Twenty-Two Years

As I sit and think of today, March 20, I remember twenty-two years ago and the phone call from my Dad.

“Michelle honey, Mom passed away this morning”. All I know is that I was thrown into such turmoil. No, it can’t be, I need her, she can’t die! At the time I had my oldest daughter, who was born with spina bifida and in a wheelchair, and my second daughter who was eighteen months old. I was thirty-one years old and had planned on many fun things to with my mom and my girls. That was taken away from me in an instant.
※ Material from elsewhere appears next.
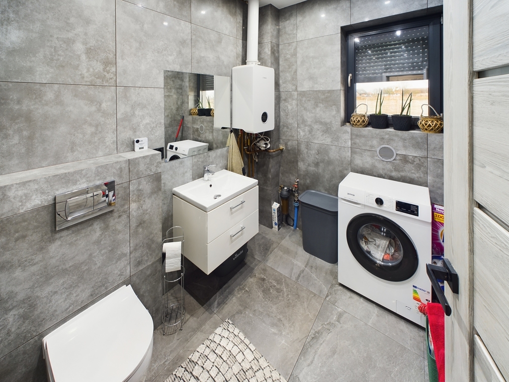 Dom posiada ogrzewanie gazowe z pieca kondensacyjnego, ujęcie wody z sieci miejskiej. W każdym pomieszczeniu ogrzewanie podłogowe.

I am now fifty-three old and my mother passed away at fifty-five years old. As I approach that age, it gives me an eerie feeling. This is where my Mom was in her life, could this happen to me? We don’t know, do we? All I know is that after my Mom passed away, my outlook on life changed forever. You can’t take things for granted, and I never did from then on. I always made sure that the people I loved knew it every time I saw them. I spent quality time with my children, doing things that they liked to do, and trying to do things for myself too.

It took many years to get through the grieving of my mom. I became clinically depressed for years, it was hard to function everyday, but I had to for my girls. It was about five years before I really accepted her death. It was about a year after my son was born. Another new life had blessed our family.

My mom was a special woman, very was much loved and admired by many people. She had a big heart, she loved to help others, and she loved to have fun. The more I age, the more I find I am like her in so many ways. That is something I am so very proud of. But I also have some of her not so good qualities too—but don’t we all have a little downside? It is those good qualities that matter the most, and I have passed them onto my children.

I hope my Mother is proud of me. I know I have tried so very hard to be a good person in my life.

She has been reunited with my oldest daughter who passed away in 2006 unexpectedly. I am glad she has my mom to be with in peace. Doing good things together in the heavens above us.

I love you and miss you both so very much!